Learn From Antiques
Avoid construction mishaps by looking at mistakes from the pastSynopsis: If you want to build furniture that will last well into the future, the best place to look is the past. Period furniture expert Steve Latta scoured the countryside in search of antiques, looking for cracked tabletops, split sides, broken bracket feet, loose moldings, and other flaws that developed over time. Then he provided solutions that will prevent these problems from happening to you. Most often, the culprit is wood movement and the solutions are simple.
Let’s say a future woodworker examines my furniture 100 years from now and notices a few consistent failures. Now imagine that person visits me in a time machine to tell me where I went wrong. Well, you can bet I would listen to him or her and make some changes to the way I build.
Luckily for us, we already have a time machine, thousands of them, in fact. Antiques let us see what happens to a piece during its life, and I’ve learned much of what I know by closely examining many of these old pieces.
For this article I scoured a number of my favorite furniture barns and museums, looking not only for cracks and breaks, but also for the most instructive failures—common problems that happen in pieces of all types and styles. I found the perfect collection at Philip H. Bradley Co., an antiques dealer in Downingtown, Pa. Bradley’s pieces are iconic and beautifully preserved, and plentiful enough to contain many of the usual issues I’ve encountered in my decades of furniture study.

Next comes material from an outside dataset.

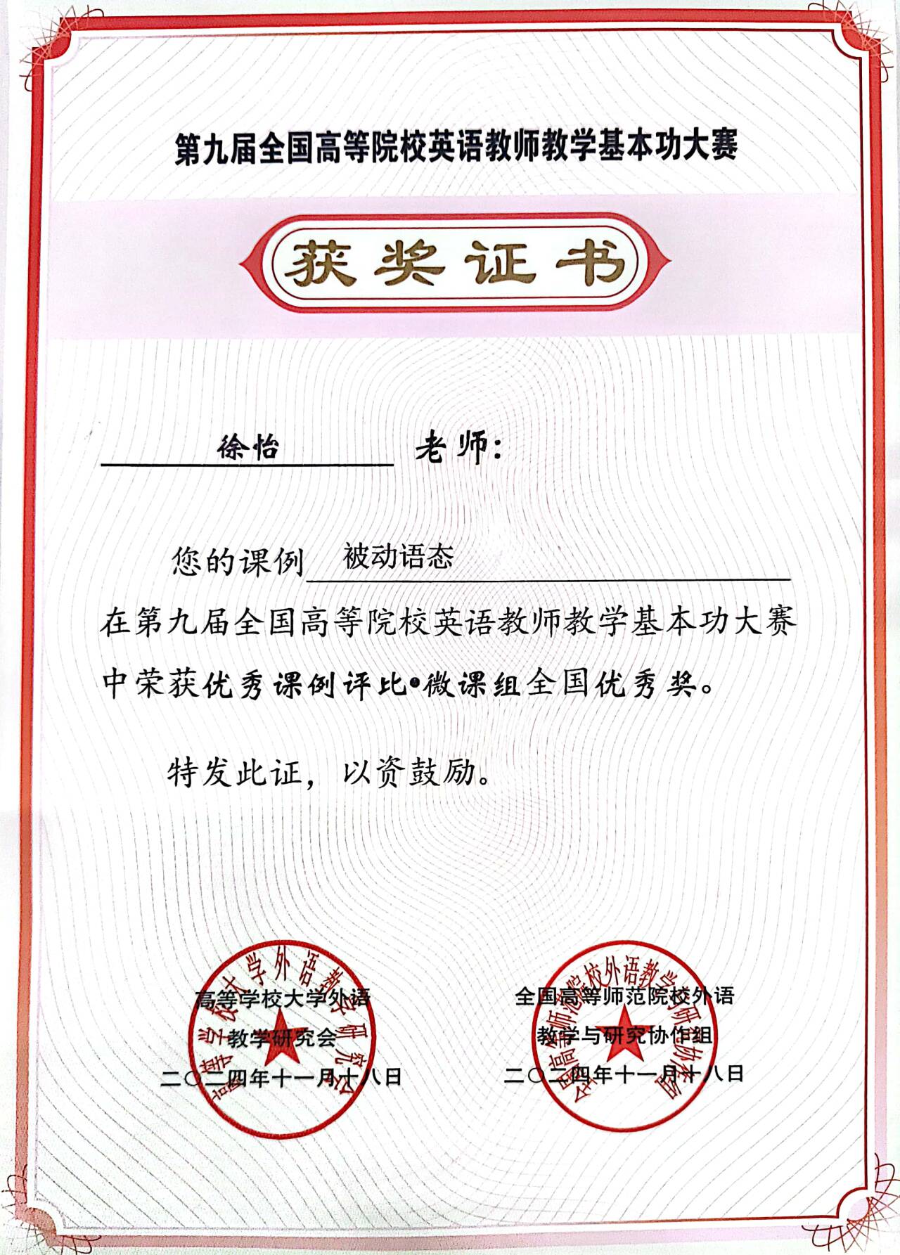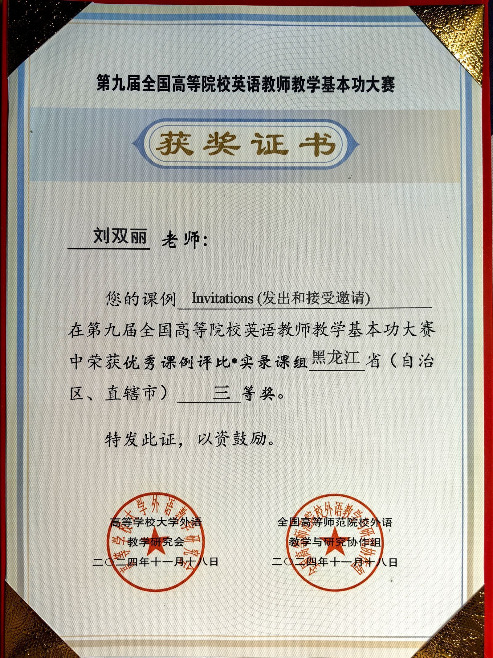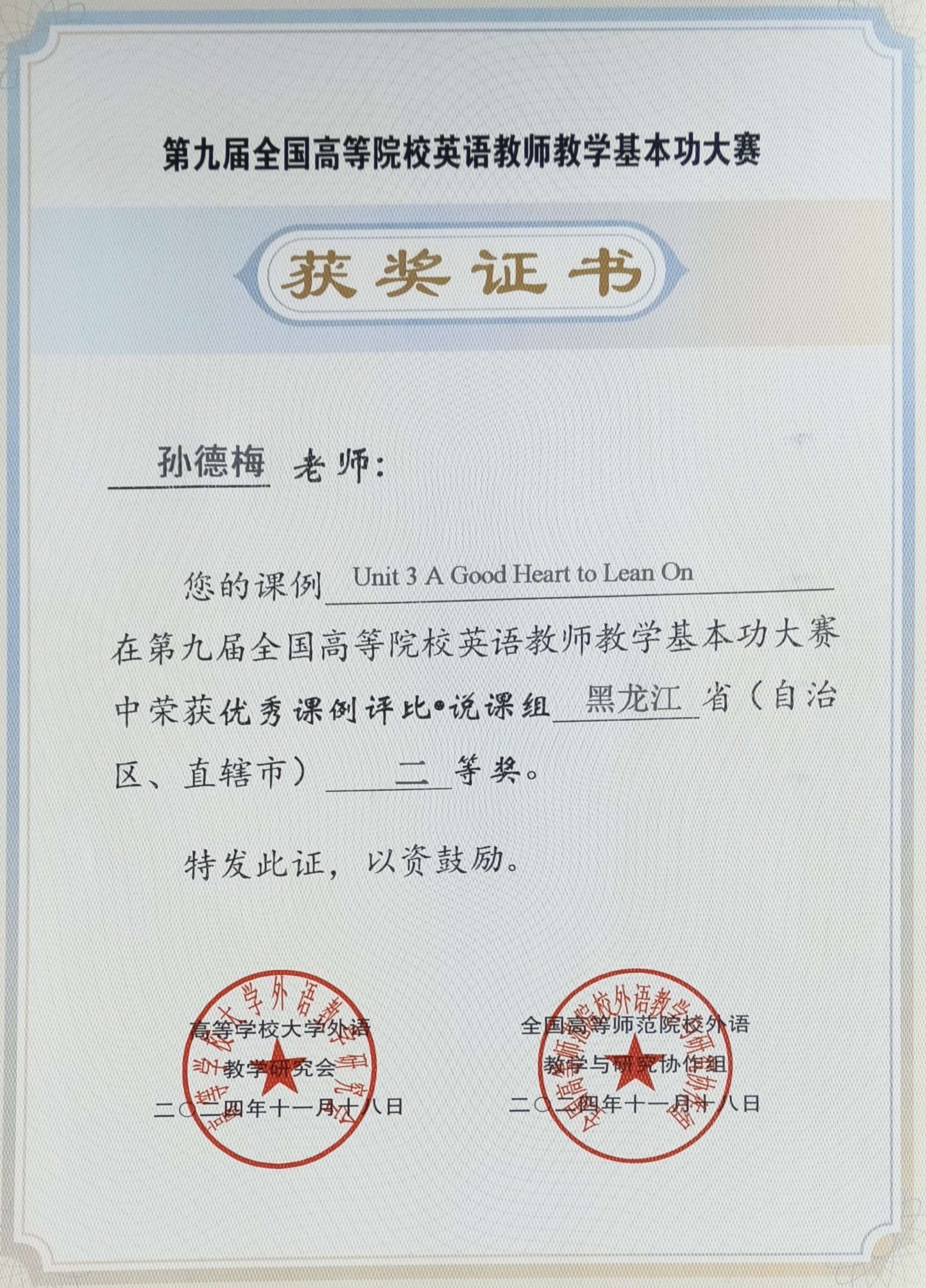 本次大赛是全国性专门针对高校英语教师的专项教学赛事,大学外语教研室教师积极参与并取得佳绩。其中,孙德梅荣获优秀课例评比•说课省级二等奖,刘欢、马私阳、孙伟、曹献玲、鹿惠敏荣获优秀课例评比•说课省级三等奖,刘双丽、李爽和孙婷婷均荣获优秀课例评比•实录课省级三等奖,徐怡、齐锐教师团队荣获优秀课例评比•微课省级优秀奖。

Wood movement is the creator of headaches: In most cases of furniture failure, the problem is the same: The maker did not sufficiently accommodate the seasonal shrinkage and expansion of wood parts. In a nutshell, wood barely moves along its length but moves a great deal across its width, and can do so with great force. When that movement is restricted, bad things often occur.
The most common type of restriction is cross-grain construction, where two or more pieces are joined together at opposing angles. One piece wants to expand and contract across its width, while the other piece doesn’t move at all along its length. Soon cracks and splits make their debut. If a piece is veneered across the grain of solid wood below, you get buckles and bubbles.
To fix or not to fix: In each case of furniture failures that follow, we’ve provided an illustration of why the problem happened and how a modern maker could prevent it in their own work. However, for a reproduction woodworker the solutions are not always clear-cut. How far a builder strays from the original is a matter of compromise and choice. Some argue that we should build exactly like our forefathers did. But for me, “because they did it that way” has never been a very strong argument.
One shop in my region was determined to build veneered card tables the exact same way the originals were built. They did not cross-band the bricklaid cores, and they considered the inevitable split veneers to be part of the “charm” of working with solid wood. When I made a table that way for a friend years ago and the face veneer split, neither he nor I found the crack charming. After that, I made sure to cross-band my cores.
While I tend to stay conservative in my approach, I always give top priority to the future integrity of the piece.